▸ RECORDS TO PROCESS:
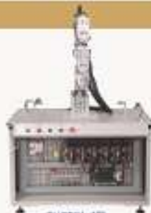
THRBC1-1型 六自由度直驱并联机器人培训系统（桌面型）
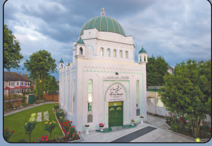
ಮಸ್ಜಿದ್ ಫಝಲ್ (ಲಂಡನ್ ಯು.ಕೆ)
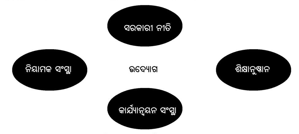
ଚିତ୍ର : ୧ : କୌଶଳ ବିକାଶ ପାଇଁ ଉଦ୍ୟୋଗଜଗତର କେନ୍ଦ୍ରୀୟ ଭୂମିକା ।

`C' ସଂପର୍କରେ ଅଭିଜ୍ଞ । ସେଗୁଡ଼ିକ ହେଉଛି Communication (ସଂଚାର), Collaboration (ସହଭାଗିତା), Creativity (ସୃଜନଶୀଳତା) ଏବଂ Critical Thinking (ବିଶ୍ଳେଷଣାତ୍ଲକ ଚିତ୍ତନ) । ତେଣୁ, କୌଶଳ ବିକାଶର ପ୍ରତ୍ୟେକ କାର୍ଯ୍ୟକ୍ରମ, ଏହି ବିଷୟଗୁଡ଼ିକ ଉପରେ ଧାନ ଦେବା ଆବଶ୍ୟକ। ଯଦ୍ୱାରା
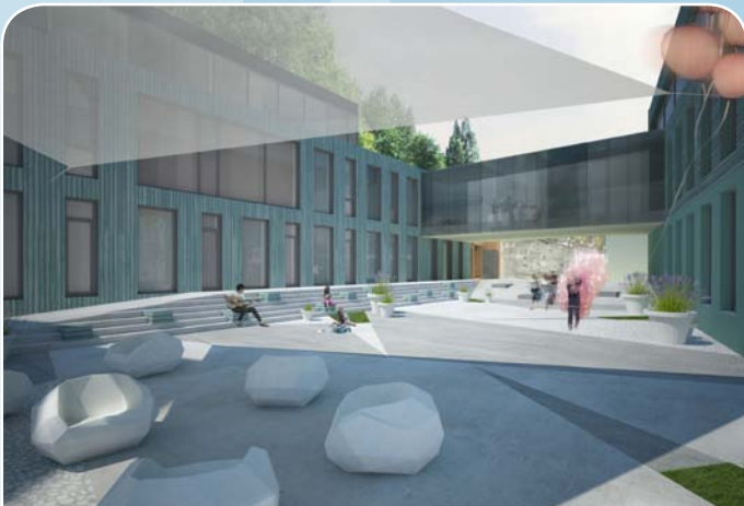
Talsu Radošās sētas projekta skice

Rekonstruējot un paplašinot Talsu tautas namu, mūzikas skolu un iekšpagalma ēkas tiks izveidota Talsu Radošā sēta. Radošajā sētā un tās pagalmā būs pieejamas amatniecības darbnīcas, izstāžu zāle, telpas koncertiem
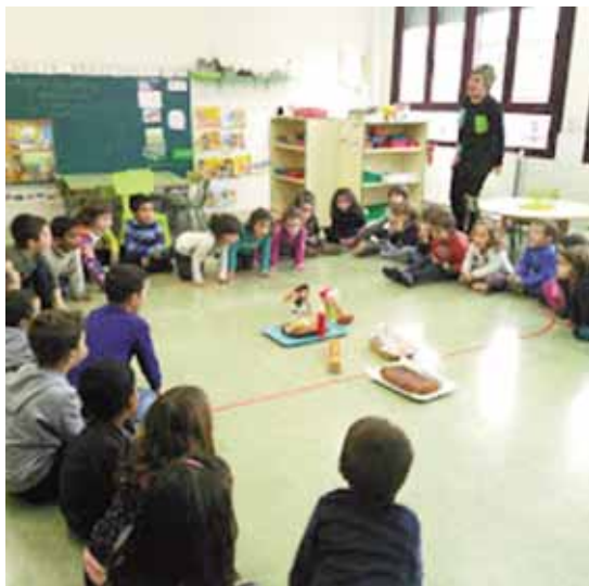
EUSKARAREN EGUNA/DÍA DEL EUSKERA.

POBREZIA ETA GIZARTE-BAZTERKERIA/CINE "POBREZA Y EXCLUSIÓN SOCIAL".
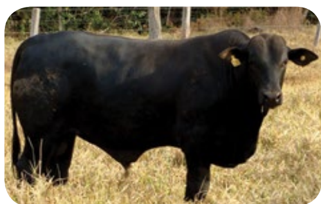
Progênie cruzamento industrial no MT
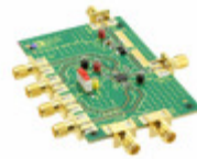
ADL5375-15-EVALZ Analog Devices Inc. EVAL BOARD FOR ADL5375
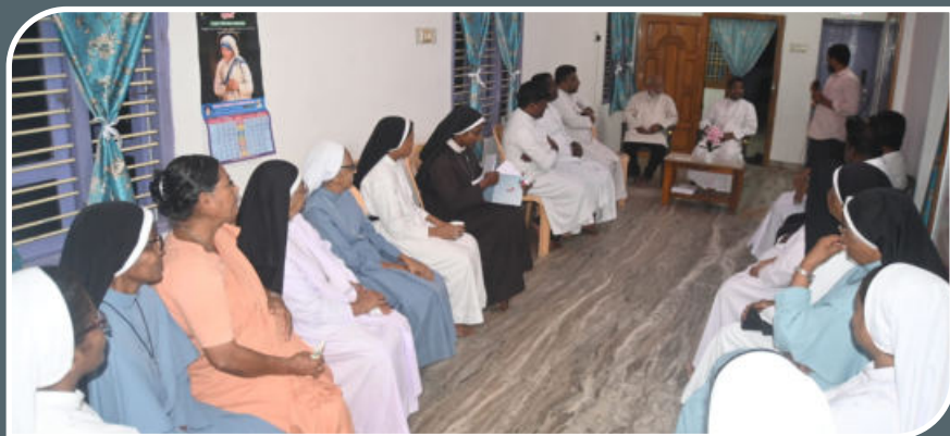
TENKASI MISSION MEET, NOVEMBER 25, 2024, AMBUR
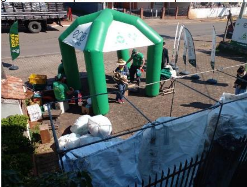
Figura 15: Acompanhamento da campanha do Ecopila
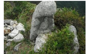
•山頂の役行者石造
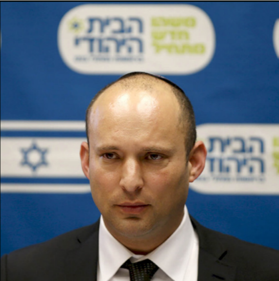
وزير التعليم الإسرائيلي نفتالي بينيت

وطلب التركيز على أهمية المعيار الأمني. وسأل ممثل الكنيست المحامي غور بلي عن وضع تكون فيه حالة معتقلين الصحية متشابهة تماماً لكن أحدهما يضرب عن الطعام لأسباب شخصية ولا يوجد خطر بأن يؤدي إضرابه إلى أبعاد اجتماعية واسعة بينما الأسير الثاني يضرب لأسباب
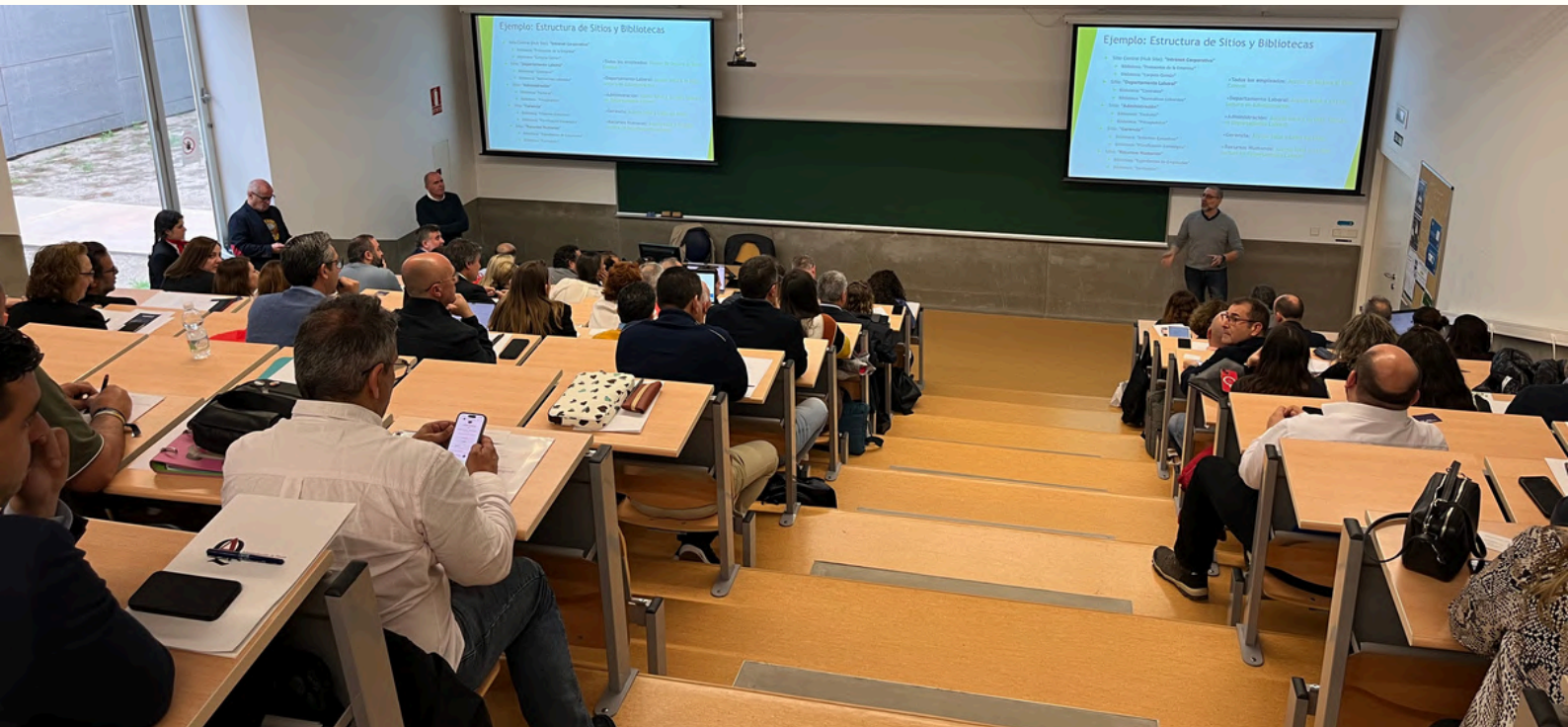
Imágenes de las sesiones de Innovacaf celebradas en Málaga
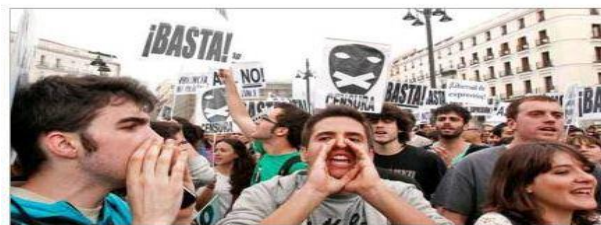
«Tenemos derecho a indignarnos». Miles de personas se reunieron anoche en la madrileña Puerta del Sol para protestar contra el sistema y los políticos. Convocados por SMS y Twitter, coreaban lemas como «democracia real ya, sin censuras» o «tenemos derecho a indignarnos».
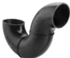
290 سیفون | Syphon PN=4bar
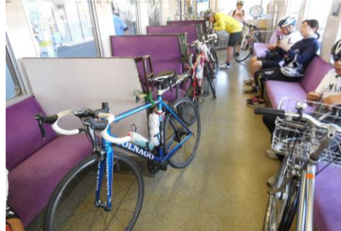
電車の旅を楽しみます♪
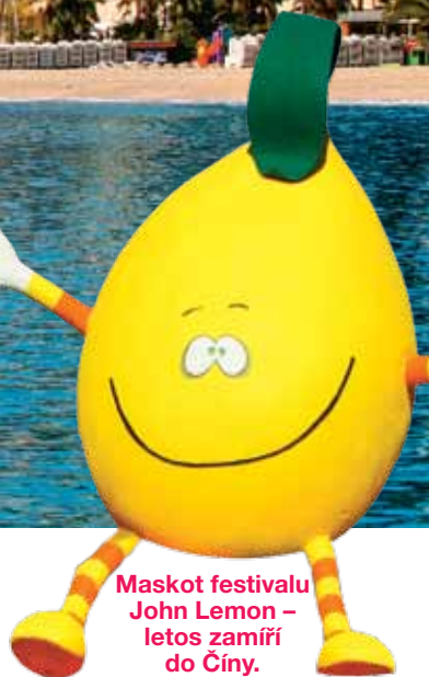
Maskot festivalu John Lemon – letos zamíří do Číny.

vidíte i všude jinde. Citronový sirup, bonbon i marmeládu asi známe všichni, ale zkusili jste třeba citronový šampon na vlasy či sardinky s citronovou kůrou? Delikatesa! Nemluvte o tom, že takřka celé město se zbarví do žlutooranžové barvy – fasády domů, výklady, pouliční stánky i výzdoba místních restaurací.
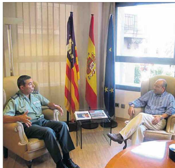
Un momento de la Audiencia en la sede de Presidencia.
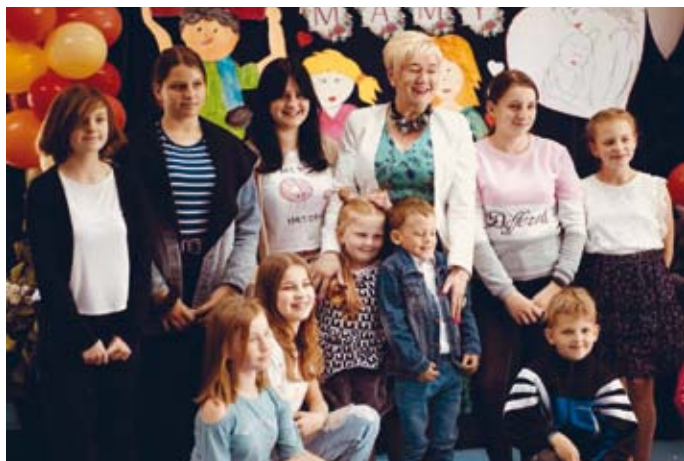
DZIEŃ MATKI W ŚWIETLICY ŚRODOWISKOWEJ W LASOCINIE
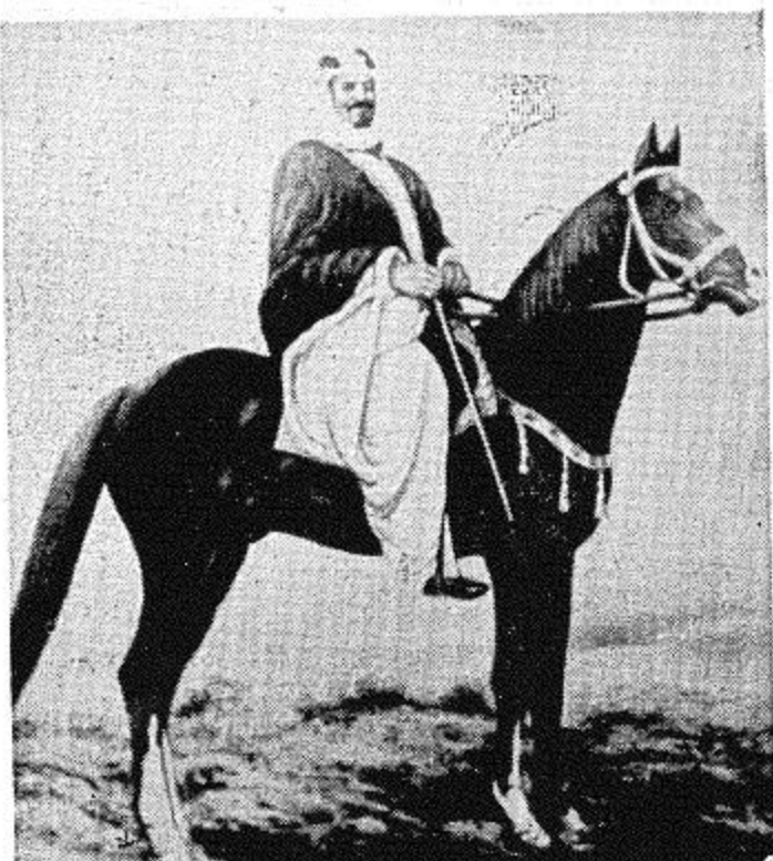
المؤسس الفارس المغفور له الملك عبد العزيز
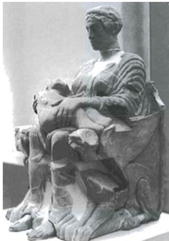
Slika 6. Žara iz grada Chianciano sa prikazom Phersipnai na prijestolju sa djetetom koje predstavlja pokojnika u ruci. (J. R. Jannot, 2000, 89.)
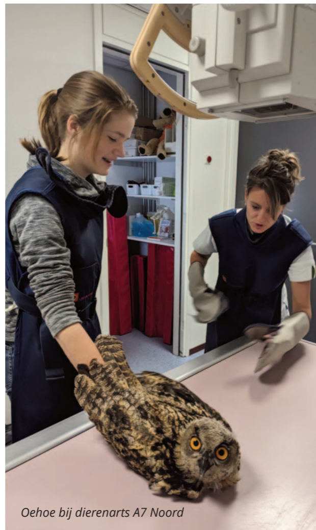
Oehoe bij dierenarts A7 Noord

Als team willen wij iedereen weer bedanken die, op welke manier dan ook, een bijdrage heeft geleverd aan dit mooie resultaat! Graag tot ziens op de Fûgelhelling.
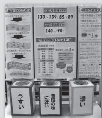
◎みそ汁試飲調査結果 (230人回答)
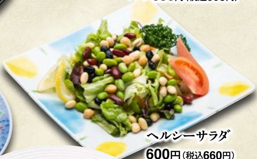
ヘルシーサラダ 600円(税込660円)
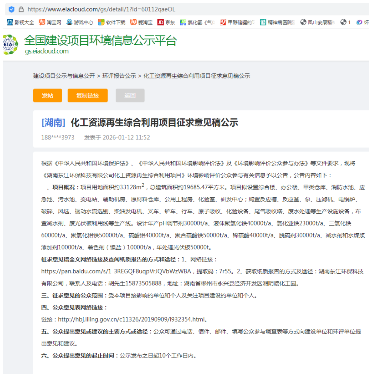
图2 征求意见稿网上公示

https://www.eiacloud.com/gs/detail/1?id=60112qaeOL 。公示截图见图2。
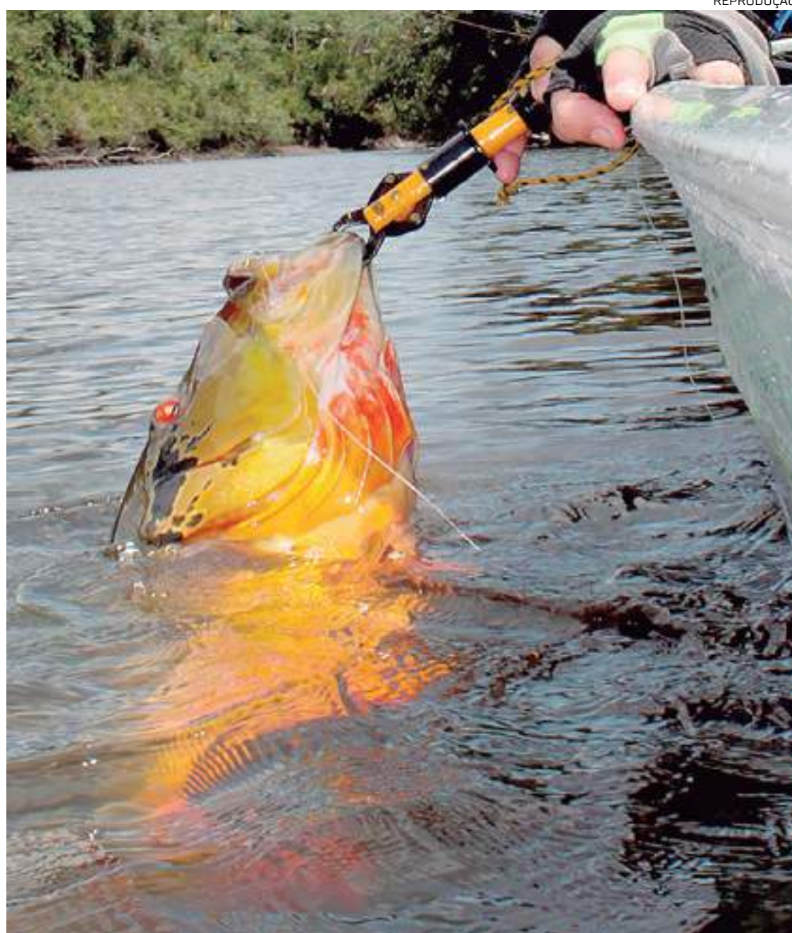
Tucunaré, um dos peixes mais cobiçados por pescadores esportivos no Amazonas

Empresas cadastradas no Cadastur contam com um importante certificado que serve para aproximar as empresas e turistas, encurtando a distância e aumentando a confiança de pessoas que estão longe dos destinos turísticos, mas interessados em viver experiências de qualidade.

▸ WHAT IS REQUIRED: Transcribe the data word for word, with no images.

▸ TASK ANSWER:
THRBC1-1型 六自由度直驱并联机器人培训系统（桌面型）
ಮಸ್ಜಿದ್ ಫಝಲ್ (ಲಂಡನ್ ಯು.ಕೆ)
ଚିତ୍ର : ୧ : କୌଶଳ ବିକାଶ ପାଇଁ ଉଦ୍ୟୋଗଜଗତର କେନ୍ଦ୍ରୀୟ ଭୂମିକା ।

`C' ସଂପର୍କରେ ଅଭିଜ୍ଞ । ସେଗୁଡ଼ିକ ହେଉଛି Communication (ସଂଚାର), Collaboration (ସହଭାଗିତା), Creativity (ସୃଜନଶୀଳତା) ଏବଂ Critical Thinking (ବିଶ୍ଳେଷଣାତ୍ଲକ ଚିତ୍ତନ) । ତେଣୁ, କୌଶଳ ବିକାଶର ପ୍ରତ୍ୟେକ କାର୍ଯ୍ୟକ୍ରମ, ଏହି ବିଷୟଗୁଡ଼ିକ ଉପରେ ଧାନ ଦେବା ଆବଶ୍ୟକ। ଯଦ୍ୱାରା
Talsu Radošās sētas projekta skice

Rekonstruējot un paplašinot Talsu tautas namu, mūzikas skolu un iekšpagalma ēkas tiks izveidota Talsu Radošā sēta. Radošajā sētā un tās pagalmā būs pieejamas amatniecības darbnīcas, izstāžu zāle, telpas koncertiem
EUSKARAREN EGUNA/DÍA DEL EUSKERA.

POBREZIA ETA GIZARTE-BAZTERKERIA/CINE "POBREZA Y EXCLUSIÓN SOCIAL".
Progênie cruzamento industrial no MT
ADL5375-15-EVALZ Analog Devices Inc. EVAL BOARD FOR ADL5375
TENKASI MISSION MEET, NOVEMBER 25, 2024, AMBUR
Figura 15: Acompanhamento da campanha do Ecopila
•山頂の役行者石造
وزير التعليم الإسرائيلي نفتالي بينيت

وطلب التركيز على أهمية المعيار الأمني. وسأل ممثل الكنيست المحامي غور بلي عن وضع تكون فيه حالة معتقلين الصحية متشابهة تماماً لكن أحدهما يضرب عن الطعام لأسباب شخصية ولا يوجد خطر بأن يؤدي إضرابه إلى أبعاد اجتماعية واسعة بينما الأسير الثاني يضرب لأسباب
Imágenes de las sesiones de Innovacaf celebradas en Málaga
«Tenemos derecho a indignarnos». Miles de personas se reunieron anoche en la madrileña Puerta del Sol para protestar contra el sistema y los políticos. Convocados por SMS y Twitter, coreaban lemas como «democracia real ya, sin censuras» o «tenemos derecho a indignarnos».
290 سیفون | Syphon PN=4bar
電車の旅を楽しみます♪
Maskot festivalu John Lemon – letos zamíří do Číny.

vidíte i všude jinde. Citronový sirup, bonbon i marmeládu asi známe všichni, ale zkusili jste třeba citronový šampon na vlasy či sardinky s citronovou kůrou? Delikatesa! Nemluvte o tom, že takřka celé město se zbarví do žlutooranžové barvy – fasády domů, výklady, pouliční stánky i výzdoba místních restaurací.
Un momento de la Audiencia en la sede de Presidencia.
DZIEŃ MATKI W ŚWIETLICY ŚRODOWISKOWEJ W LASOCINIE
المؤسس الفارس المغفور له الملك عبد العزيز
Slika 6. Žara iz grada Chianciano sa prikazom Phersipnai na prijestolju sa djetetom koje predstavlja pokojnika u ruci. (J. R. Jannot, 2000, 89.)
Oehoe bij dierenarts A7 Noord

Als team willen wij iedereen weer bedanken die, op welke manier dan ook, een bijdrage heeft geleverd aan dit mooie resultaat! Graag tot ziens op de Fûgelhelling.
◎みそ汁試飲調査結果 (230人回答)
ヘルシーサラダ 600円(税込660円)
图2 征求意见稿网上公示

https://www.eiacloud.com/gs/detail/1?id=60112qaeOL 。公示截图见图2。
Tucunaré, um dos peixes mais cobiçados por pescadores esportivos no Amazonas

Empresas cadastradas no Cadastur contam com um importante certificado que serve para aproximar as empresas e turistas, encurtando a distância e aumentando a confiança de pessoas que estão longe dos destinos turísticos, mas interessados em viver experiências de qualidade.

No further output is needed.